Territorial scope of the GDPR

18 september 2019

The territorial scope of General Data Protection Regulation (the GDPR) is determined by Article 3 of the Regulation and represents a significant evolution of the EU data protection law compared to the framework defined by Directive 95/46/EC.  Under the GDPR, important new elements have been introduced.  In particular, Article 3 of the GDPR reflects the legislator’s intention to ensure comprehensive protection of EU data subjects’ rights.

Article 3(1) of the GDPR provides that the GDPR applies to the to the processing of personal data in the context of the activities of an establishment of a controller or a processor in the Union, regardless of whether the processing takes place in the Union or not.For the EDPB (Guidelines 3/2018 on the territorial scope of the GDPR of November 16, 2018), Article 3(1) GDPR makes reference not only to an establishment of a controller, but also to an establishment of a processor. As a result, the processing of personal data by a processor may also be subject to EU law by virtue of the processor having an establishment located within the EU. 

Article 3(2) of the GDPR provides that this regulation applies to the processing of personal data of data subjects who are in the Union by a controller or processor not established in the Union, where the processing activities are related to: 

a) the offering of goods or services, irrespective of whether a payment of the data subject is required, to such data subjects in the Union; or 

(b) the monitoring of their behavior as far as their behavior takes place within the Union. 

 

The EDPB pointed out that the application of the “targeting criterion” towards data subjects who are in the Union, as per Article 3(2), can be triggered by two distinct and alternative types of activities carried out by a controller or processor not established in the Union.

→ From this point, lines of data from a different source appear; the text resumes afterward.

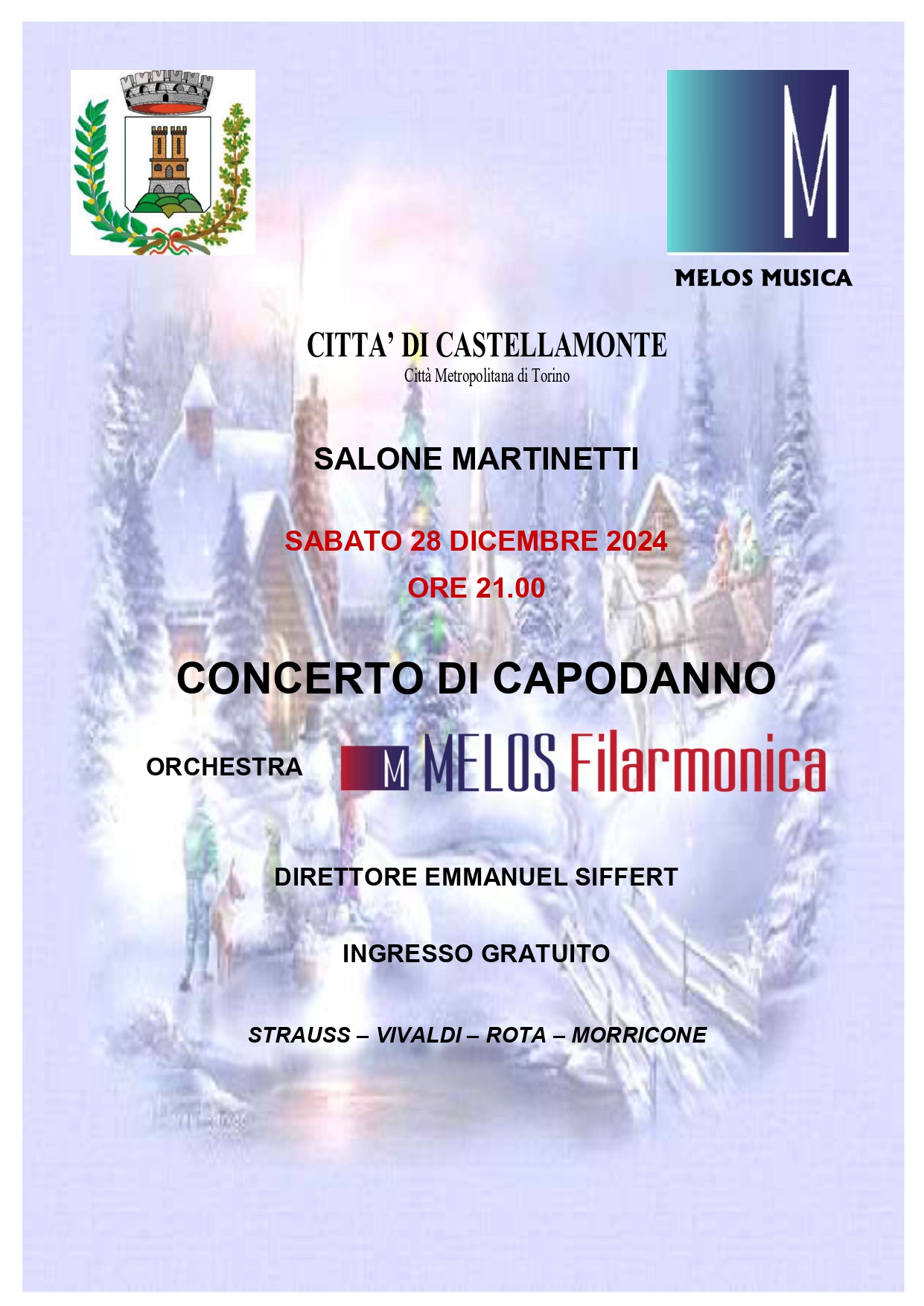 Orchestra Melos Filarmonica - Direttore Emmanuel Siffert - Sabato 28 dicembre 2024 alle ore 21,00 Centro Congressi "PIero Martinetti" - Ingresso gratuito.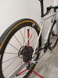 CARATTERISTICHE : TELAIO : Crux FACT 10r Carbon, movimento centrale filettato, 12x142 mm.; FORCELLA : FACT in carbonio, 12x100mm, fissaggio disco flat-mount; MANUBRIO : Specialized Adventure gear 118,9 mm drop, 70 mm reach x 12° flare; ATTACCO : Specialized Alloy, 30mm; NASTRO : Supacaz Super Sticky Kush; SELLA : Power sport, rail in acciaio; REGGISELLA : Roval Terra20mm offset; COLLARINO : Collarino in alluminio 30 mm; FRENO ANT. SRAM Rival, hydraulic disc; FRENO POST. SRAM Rival, hydraulic disc; COMANDI SRAM Rival; CAMBIO POST. : SRAM Rival 1, long cage CASSETTA : Sram 11v. 10/42 GUARNITURA SRAM Rival 1 ,corona40t + corona dekas 38t. pedivelle Sram Rival1. 170mm MOVIM. CENTR. SRAM GXP; CATENA: Sram PC X1 11v. RUOTE : Reynolds Carbon Assault Le Copertoncini TB Challenge Flandrien 33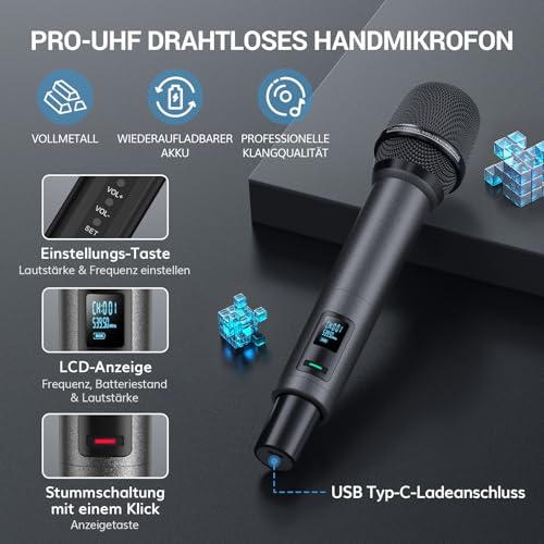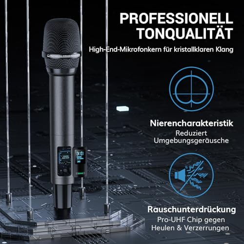 Hervorragende Klangqualität: Das Wireless Microphone verfügt über einen dynamischen High-End-Mikrofonkern mit Nierencharakteristik, der eine klare und authentische Klangqualität gewährleistet; unterstützt Audiogeräte mit 6,35 mm/3,5 mm-Anschlüssen. Ideal für Karaoke, Kirche, Hochzeiten, Auftritte, Reden usw.

In addition to being applicable only to a controller or processor not established in the Union, the targeting criteria largely focus on what the “processing activities” are “related to”, which is to be considered on a case-by-case basis. 

Ultimately,  Article 3(3) provides that this Regulation applies to the processing of personal data by a controller not established in the Union, but in a place where Member State law applies by virtue of public international law.This provision is expanded upon in Recital 25 which states that “[w]here Member State law applies by virtue of public international law, this Regulation should also apply to a controller not established in the Union, such as in a Member State's diplomatic mission or consular post.” 

The definitions and status of diplomatic missions and consular posts are laid down in international law, respectively in the Vienna Convention on Diplomatic Relations of 1961 and the Vienna Convention on Consular Relations of 1963. 

The EDPB considered that the GDPR applies to personal data processing carried out by EU Member States’ embassies and consulates, insofar as such processing falls within the material scope of the GDPR, as defined in its Article 2.

Please remember that representatives of controllers or processors not established in the Union mustdesignate in writing a representative in the Union in compliance with article no. 27 of the GDPR.